Au niveau européen, le journal hyperlocal Nase Adresa, en République tchèque, figure parmi les plus innovateurs. Lancé au printemps 2009, Nase Adresa comprend plusieurs éditions imprimées hebdomadaires destinées à des régions comptant moins de 30 000 habitants, qui produisent leurs propres pages web hyperlocales. Le but est de publier 200 hebdomadaires hyperlocaux différents en République tchèque au cours des trois prochaines années et de fournir ainsi une plate-forme nationale aux annonceurs. Pour y parvenir, plusieurs antennes régionales sont installées dans des cafés. Dans une salle de rédaction située au beau milieu du café, les journalistes effectuent leur travail normalement et peuvent même tenir compte des commentaires et des conseils des clients. Ces derniers peuvent également proposer des idées de sujets ou simplement converser avec les journalistes de leur hebdomadaire. Chaque café éditorial aura pour mission d’alimenter en contenu original deux ou trois éditions locales de l’hebdomadaire. Près de 90 cafés devraient ouvrir prochainement pour environ 190 éditions locales. Nase Adresa organise des événements ciblés sur des groupes de lecteurs : après-midi thé dansant pour les seniors, atelier danse pour les mères et leurs enfants, concerts au sein du café. Le journal et les journalistes prennent ainsi une place éminente dans la vie d’une communauté.
Sources :
- « Dispatches From the Hyperlocal Future », Bruce Sterling, Wired, June 26, 2007.
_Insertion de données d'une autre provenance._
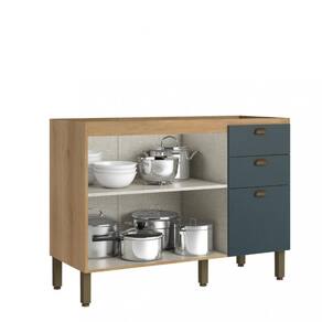 O BalcãoTHB Finesse combina funcionalidade e inteligência, oferecendo um balcão com amplo espaço para armazenar seus objetos e alimentos. As portas possuem um sistema de fechamento suave, evitando batidas indesejadas. As gavetas, equipadas com trilhos telescópicos, proporcionam uma abertura ampla e suave. O balcão conta com prateleiras removíveis, puxadores tipo concha e um sistema de montagem com parafusos e cavilhas. Estrutura em MDP de 15mm, enquanto os fundos do módulo e das gavetas são feitos de MDF de 3mm.

- « Local online news is changing, but not fast enough », Paul Bradshaw, journalism.co.uk, February 13, 2008.
- « Newspaper Society Opposing BBC Local Video Plans – Surprise, Surprise », Robert Andrews, paidcontent.co.uk, june 10, 2008.
- « BBC’s local news plans threaten regional newspapers», Nicole Martin, Telegraph, october 27, 2008.
- « Fresh attacks on BBC local web plans », Jemima Kiss, guardian.co.uk, November 10, 2008.
- « « Hyperlocal » Web Sites Deliver News Without Newspapers », Claire Cain Miller and Brad Stone, The New York Times, April 12, 2009.
- « Thirsk-class, ultra-local read for only 5p », Martin Wainwright, The Guardian, May 21, 2009.
- « Hyperlocal : la presse hebdomadaire régionale mieux que la PQR ? », Benoît Raphaël, benoit-raphael.blogspot.com, 26 mai 2009.
- « De l’hyperlocal révolutionnaire : Nase Adresa » Anto-l, lepost.fr, 11 décembre 2009.
- « De l’hyperlocal révolutionnaire Nase Adresa », Antoine Laurent, Observatoiredesmedias.com, 11 décembre 2009.